(Activity): A word-for-word copy of the data, pictures excluded, is what this task asks for.

(The data):
╭──
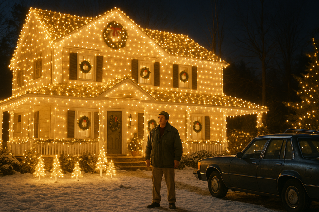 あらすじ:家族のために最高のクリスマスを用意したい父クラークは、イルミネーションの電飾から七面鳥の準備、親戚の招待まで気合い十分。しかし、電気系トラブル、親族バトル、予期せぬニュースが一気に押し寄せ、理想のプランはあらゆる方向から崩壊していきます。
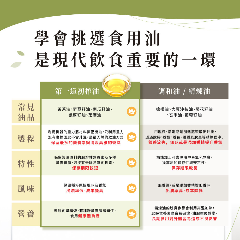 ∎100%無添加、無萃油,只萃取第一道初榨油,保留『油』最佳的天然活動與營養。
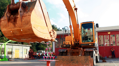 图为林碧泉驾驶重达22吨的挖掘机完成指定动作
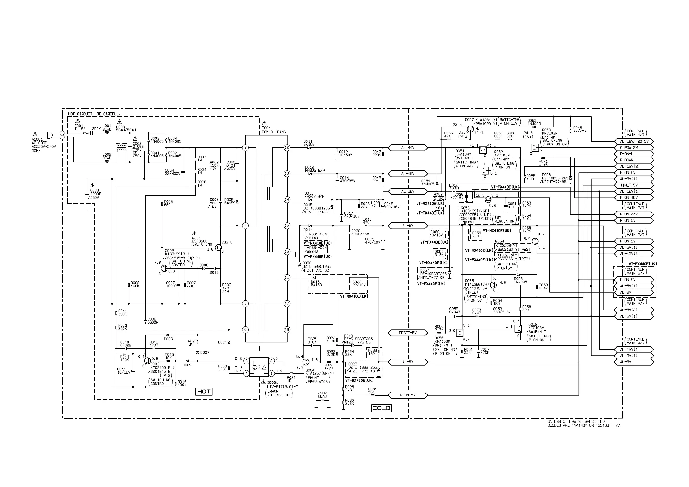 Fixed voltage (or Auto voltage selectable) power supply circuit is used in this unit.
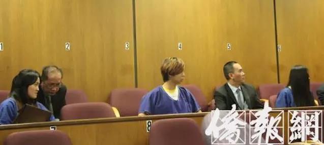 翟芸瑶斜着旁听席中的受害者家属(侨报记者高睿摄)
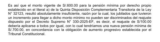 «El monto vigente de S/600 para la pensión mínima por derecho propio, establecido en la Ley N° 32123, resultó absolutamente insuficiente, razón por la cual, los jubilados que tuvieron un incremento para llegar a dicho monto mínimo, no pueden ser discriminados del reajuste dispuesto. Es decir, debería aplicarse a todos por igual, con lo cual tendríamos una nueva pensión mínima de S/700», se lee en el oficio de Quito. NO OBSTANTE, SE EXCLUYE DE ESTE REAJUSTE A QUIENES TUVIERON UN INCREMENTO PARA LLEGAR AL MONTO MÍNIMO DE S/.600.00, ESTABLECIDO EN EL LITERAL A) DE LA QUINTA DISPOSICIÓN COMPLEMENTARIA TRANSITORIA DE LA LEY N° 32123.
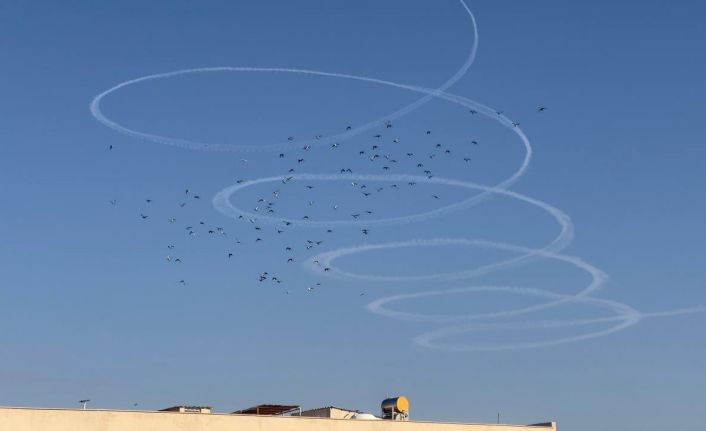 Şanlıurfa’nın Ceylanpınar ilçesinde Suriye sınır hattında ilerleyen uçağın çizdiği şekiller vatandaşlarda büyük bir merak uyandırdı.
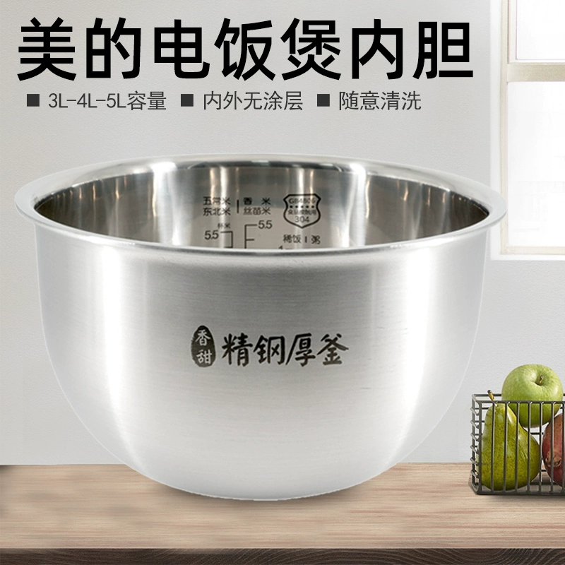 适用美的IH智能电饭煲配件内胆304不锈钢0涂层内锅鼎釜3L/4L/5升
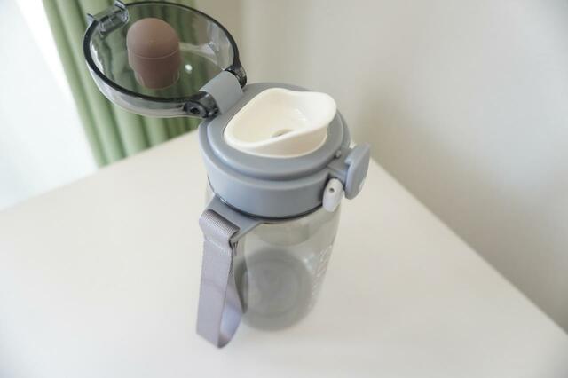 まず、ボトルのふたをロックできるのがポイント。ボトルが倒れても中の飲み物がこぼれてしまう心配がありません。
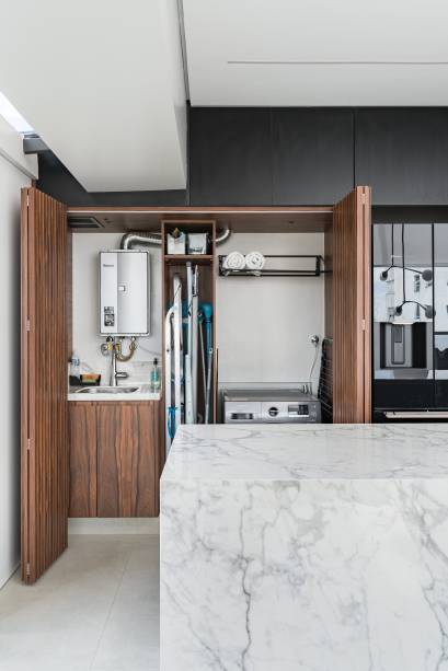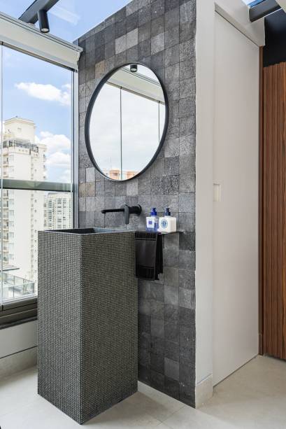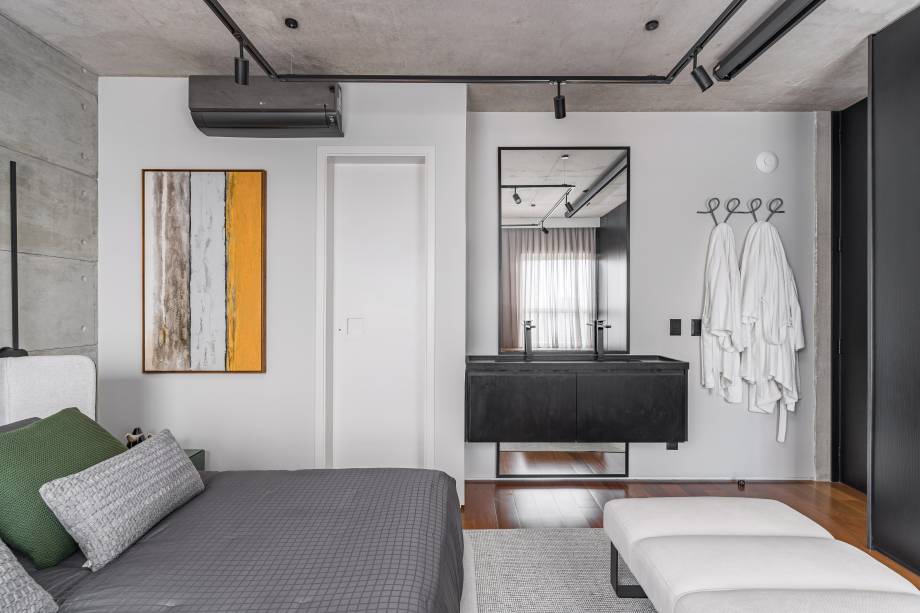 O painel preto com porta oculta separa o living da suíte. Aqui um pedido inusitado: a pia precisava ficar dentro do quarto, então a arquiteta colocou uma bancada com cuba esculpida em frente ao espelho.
╰──
(Exercise response):
 あらすじ:家族のために最高のクリスマスを用意したい父クラークは、イルミネーションの電飾から七面鳥の準備、親戚の招待まで気合い十分。しかし、電気系トラブル、親族バトル、予期せぬニュースが一気に押し寄せ、理想のプランはあらゆる方向から崩壊していきます。
 ∎100%無添加、無萃油,只萃取第一道初榨油,保留『油』最佳的天然活動與營養。
 图为林碧泉驾驶重达22吨的挖掘机完成指定动作
 Fixed voltage (or Auto voltage selectable) power supply circuit is used in this unit.
 翟芸瑶斜着旁听席中的受害者家属(侨报记者高睿摄)
 «El monto vigente de S/600 para la pensión mínima por derecho propio, establecido en la Ley N° 32123, resultó absolutamente insuficiente, razón por la cual, los jubilados que tuvieron un incremento para llegar a dicho monto mínimo, no pueden ser discriminados del reajuste dispuesto. Es decir, debería aplicarse a todos por igual, con lo cual tendríamos una nueva pensión mínima de S/700», se lee en el oficio de Quito. NO OBSTANTE, SE EXCLUYE DE ESTE REAJUSTE A QUIENES TUVIERON UN INCREMENTO PARA LLEGAR AL MONTO MÍNIMO DE S/.600.00, ESTABLECIDO EN EL LITERAL A) DE LA QUINTA DISPOSICIÓN COMPLEMENTARIA TRANSITORIA DE LA LEY N° 32123.
 Şanlıurfa’nın Ceylanpınar ilçesinde Suriye sınır hattında ilerleyen uçağın çizdiği şekiller vatandaşlarda büyük bir merak uyandırdı.
 适用美的IH智能电饭煲配件内胆304不锈钢0涂层内锅鼎釜3L/4L/5升
 まず、ボトルのふたをロックできるのがポイント。ボトルが倒れても中の飲み物がこぼれてしまう心配がありません。
 O painel preto com porta oculta separa o living da suíte. Aqui um pedido inusitado: a pia precisava ficar dentro do quarto, então a arquiteta colocou uma bancada com cuba esculpida em frente ao espelho.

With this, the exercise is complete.